CultureCIVIC, Türkiye’de kültür-sanat alanında sivil toplum ve kültür-sanat dünyası için çok önemli ve dönüştürücü bir rol oynadı. Programın ilk dört yılında gözlemlediğimiz en önemli etkiler, yerel ve bağımsız sanat inisiyatiflerinin güçlenmesi, görünürlüklerinin artması oldu. Programın sağladığı finansman alana can suyu oldu. Özellikle Anadolu’daki küçük ölçekli sanat yapıları, bireysel sanatçılar ve sivil toplum örgütleri, CultureCIVIC’in sunduğu desteklerle proje geliştirme, iş birliği kurma ve sürdürülebilirlik açısından ivme kazandı. Bu süreçte, kültürel ifadeye alan açma, topluluk temelli çalışmaların artması ve ifade özgürlüğü gibi konularda cesaretlendirici bir ortam yaratıldı. İlk dört yılda edinilen deneyimlerin ışığında, yeni dönemdeki en büyük hedef, bu çeşitliliği ve katılımcılığı kalıcı hale getirecek yapıları ve iş birliklerini güçlendirmek. Yani sadece destek vermek değil, aynı zamanda bu ekosistemin kendi ayakları üzerinde durabileceği sürdürülebilir modelleri teşvik etmek.

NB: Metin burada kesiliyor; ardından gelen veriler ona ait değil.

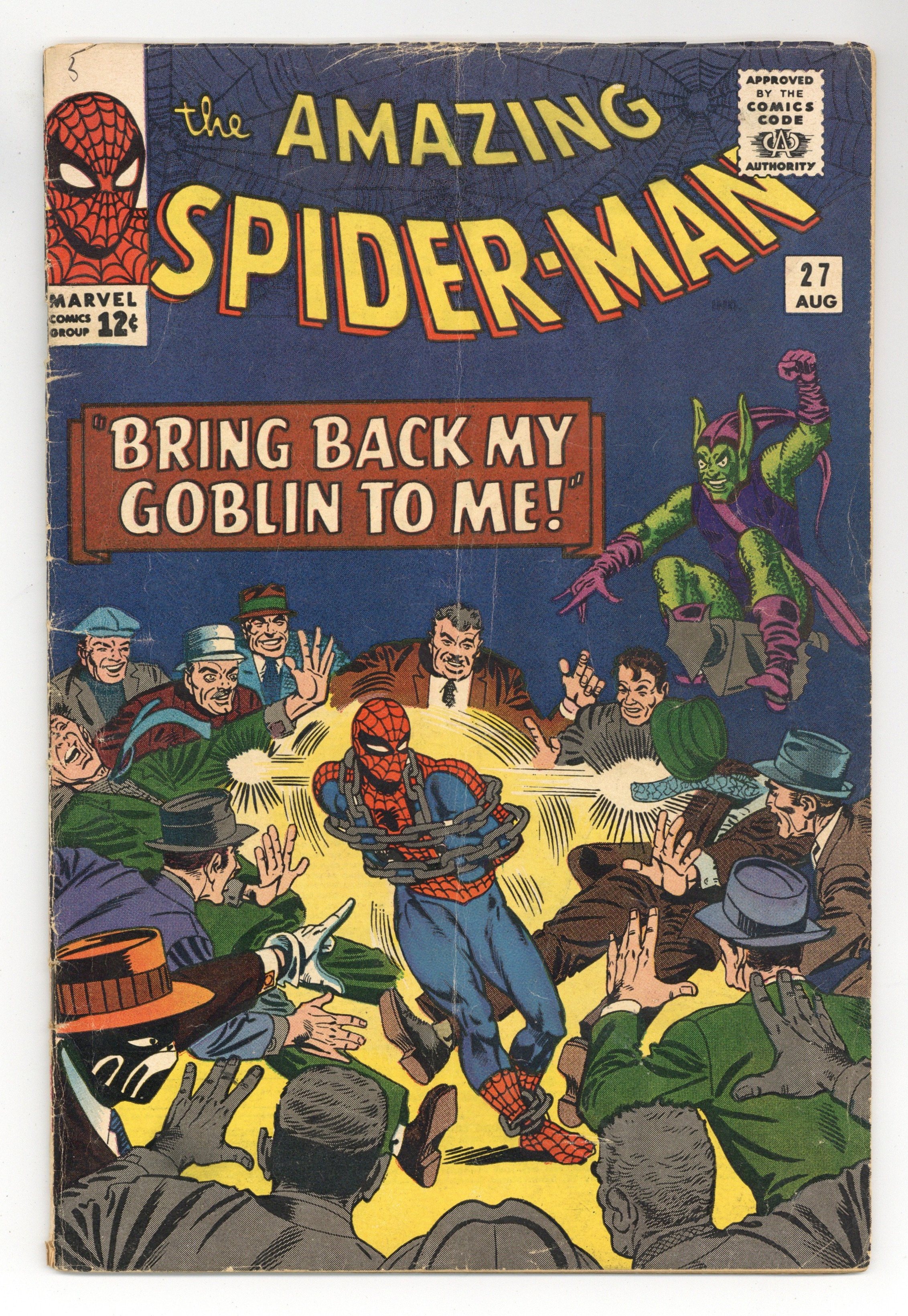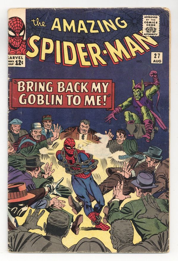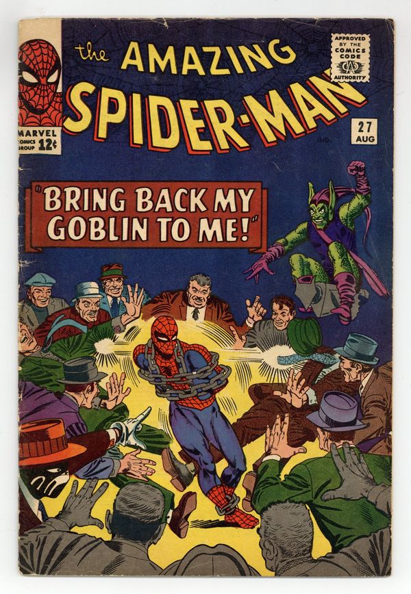 Cover by Steve Ditko. Fifth appearance of the Green Goblin in "Bring Back My Goblin to Me," script by Steve Ditko (plot) and Stan Lee (script), art by Steve Ditko; Spider-Man is caught between the Green Goblin and the Crime-Master. The Merry Marvel Bullpen Page; Ads for Spider-Man T-Shirt and MMMS fan club. Reprinted in Marvel Tales # 22 and 165. 36 pgs., full color. $0.12. Cover price $0.12.

CultureCIVIC, kültürel diyalog, ifade özgürlüğü ve çoğulculuk gibi demokratik değerleri önceleyen bir yapıya sahip. Türkiye bağlamında bu değerlerin kültür-sanat yoluyla desteklenmesi neden kritik?

CultureCIVIC’in kültürel diyalog, ifade özgürlüğü ve çoğulculuk gibi demokratik değerlere odaklanması, Türkiye bağlamında özellikle kritik çünkü bu değerler hem toplumsal barışın hem de yaratıcı üretimin temelini oluşturuyor. Türkiye gibi çok kültürlü, çok kimlikli ve siyasi kutuplaşmanın yoğun yaşandığı bir ülkede, kültür-sanat alanı hem bir ifade alanı hem de toplumsal temas zemini sunuyor. Bu bağlamda, CultureCIVIC’in yaklaşımı yalnızca kültürel üretimi değil, aynı zamanda sosyal dayanışmayı ve demokratik katılımı da besliyor. Türkiye’de kültür-sanat yalnızca estetik ya da yaratıcı üretim değil, aynı zamanda sosyal dönüşümün, demokratikleşmenin ve toplumsal iyileşmenin de önemli bir aracı. CultureCIVIC bu alanı güçlendirerek, hem bireyler hem de topluluklar için daha açık, diyalog odaklı ve dayanışmacı bir zemin yaratıyor.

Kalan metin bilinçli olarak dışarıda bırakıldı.